Re: P2P and RDF (was Re: API for querying a set of RDF graphs?) from Benja Fallenstein on 2003-03-22 (www-rdf-interest@w3.org from March 2003)

From: Benja Fallenstein <b.fallenstein@gmx.de>
Date: Sat, 22 Mar 2003 23:08:49 +0100
To: Reto Bachmann-Gmuer <reto@gmuer.ch>
CC: www-rdf-interest@w3.org
Message-ID: <3E7CDEF1.40401@gmx.de>
Hi Reto,

Reto Bachmann-Gmuer wrote:
>> This would be quite nice indeed-- if it is archievable.
[complex query example snipped]
>>
>> If we match against each graph separately, of course such a query 
>> wouldn't be possible...
>>
>> On a p2p system, one idea that occured to me was to use a distributed 
>> hashtable mapping (node occurring in graph) -> (location of graph). 
>> This would allow me to find graphs relevant to a query by asking the 
>> distributed hashtable for graphs containing the nodes from the query. 
>> Again, the problem seems more manageable if we only look at one graph 
>> at a time.
> 
> I think this mechanism could be integrated in the Graph/Model's 
> implementation to generally improve the speed of reifications and 
> frequent related queries.

So you're suggesting to have a Graph implementation that loads 
statements from the p2p network on demand, reifying them. On reflection, 
I think that this would be a good thing indeed, especially since you 
make a very strong point here:

> What the application layer is concerned, I think the power of RDF in a 
> P2P environment gets lost, when the application separates different 
> "knowledge-worlds" too much.

Obviously, we would really like to be able to run queries over the union 
of all the information in the p2p network.

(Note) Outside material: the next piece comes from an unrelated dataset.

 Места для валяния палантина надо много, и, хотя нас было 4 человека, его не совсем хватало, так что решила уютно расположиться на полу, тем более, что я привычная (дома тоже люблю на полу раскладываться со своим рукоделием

However, I still don't know how to implement it in a scalable way. My 
simple hack seems to wreck havoc here. If my application wants to know 
all rdf:Properties ex:inventedBy ex:exampleInc which have an rdf:domain 
of foaf:Person and an rdf:range of ex:Animal, how do we avoid having to 
download all graphs containing statements about either rdf:Property or 
foaf:Person-- surely a much bigger set than the graphs we're actually 
interested in?

(If we look at each graph separately, we only need to download graphs 
containing *all* terms in the query (if it's purely conjunctive). Once 
we've found out that there are only 76 graphs mentioning ex:exampleInc, 
we can download those instead of downloading all 143'296 mentioning 
foaf:Person... Still not perfect, but maybe an improvement :) )

Do you have ideas how to create a scalable lookup-- i.e. one that only 
needs to look at graphs actually relevant to the query at hand?

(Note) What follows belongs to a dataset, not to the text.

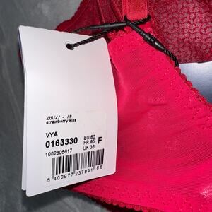 Prima Donna Bra 36F Red Vya Full Cup Strawberry Kiss Underwire Lace NWT!

> I think a P2P application should 
> essentially be able to adapt its own knowledge basing on the peers it is 
> exposed too, practically this means that the application doen't (just) 
> store an index of the peers but focus on conflicts and intersections 
> between the models. Intersections reinforce the believe in the 
> statements, contradictions weakens it.

This sounds interesting; on the other hand, I don't think number of 
peers storing statements that agree with each other is necessarily a 
good measure: If organization X caches their home page blurb on all 
their five thousand machines, they'll have an edge towards everybody 
believing it :-)

(Number of trusted signers agreeing on the statement may be a better 
measure?)

I'm not too deeply interested in the details of this at the moment, 
btw-- it's an interesting challenge, but not necessary for getting the 
things I'm working on to run :-)

> Analyzing of similarities between 
> the set of conflicts and correspondences associated with each peer  an 
> application could determine which peers are most likely to give relevant 
> answer to a certain query (using collaborative filtering techniques like 
> e.g. http://www.movielens.umn.edu/).

BTW, there's been research about collaborative filtering in a p2p 
context, ensuring the privacy of the people submitting ratings:

     http://www.cs.berkeley.edu/~jfc/papers/02/SIGIR02.pdf
     http://www.cs.berkeley.edu/~jfc/papers/02/IEEESP02.pdf

>> Storm stores data in *blocks*, byte sequences not unlike files, but 
>> identified by a cryptographic content hash (making them immutable, 
>> since if you change a block's content, you have a different hash and 
>> thus a different block). This allows you to make a reference to one 
>> specific version of something, authenticable with the hash (this is 
>> potentially very useful for importing ontologies into an RDF graph). 
>> You can retrieve a block from any source-- some server or peer or your 
>> local computer or an email attachment etc.-- since you can always 
>> check the authenticity. Because different blocks have different names, 
>> to synchronize the data on two computers, you can simply copy all 
>> blocks that exist on only one of the two to the other of the two 
>> (convenient e.g. for users with both a laptop and a desktop). When you 
>> create a new version of something, the old versions don't get 
>> overwritten, because you create a new block not affecting the old 
>> ones. The list goes on :-)
> 
> I think this is a very good approach, you could use freenet conten-hash 
> uris to identify the blocks.

We'll probably register our own URN namespace, among other goals because 
we want to use 'real,' registered URIs. (We're also considering putting 
a MIME content type in the URI, so that a block served up through our 
system would be basically as useful as a file retrieved through HTTP, 
and allowing us to easily serve blocks through a HTTP proxy, too. Not 
yet decided, though-- some people I've contacted commented that MIME 
types do not belong in URIs.)

> But am I right that this makes rdf-literals 
> obsolete for everything but small decimals?

Hm, why? :-)

> And how do you split the metadata in blocks

Well, depends very much on the application. How do you split metadata 
into files? :-)

>> So anyway, there are a number of reasons why we need to do powerful 
>> queries over a set of Storm blocks. For example, since we use hashes 
>> as the identifiers for blocks, we don't have file names as hints to 
>> humans about their content; instead, we'll use RDF metadata, stored in 
>> *other* blocks. As a second example, on top of the unchangeable 
>> blocks, we need to create a notion of updateable, versioned resources. 
>> We do this by creating metadata blocks saying e.g., "Block X is the 
>> newest version of resource Y as of 2003-03-20T22:29:25Z" and searching 
>> for the newest such statement.
> 
> I don't quite understand: isn't there a regression problem if the 
> metadata is itself contained in blocks? Or is at least the timestamp of 
> a block something external to the blocks?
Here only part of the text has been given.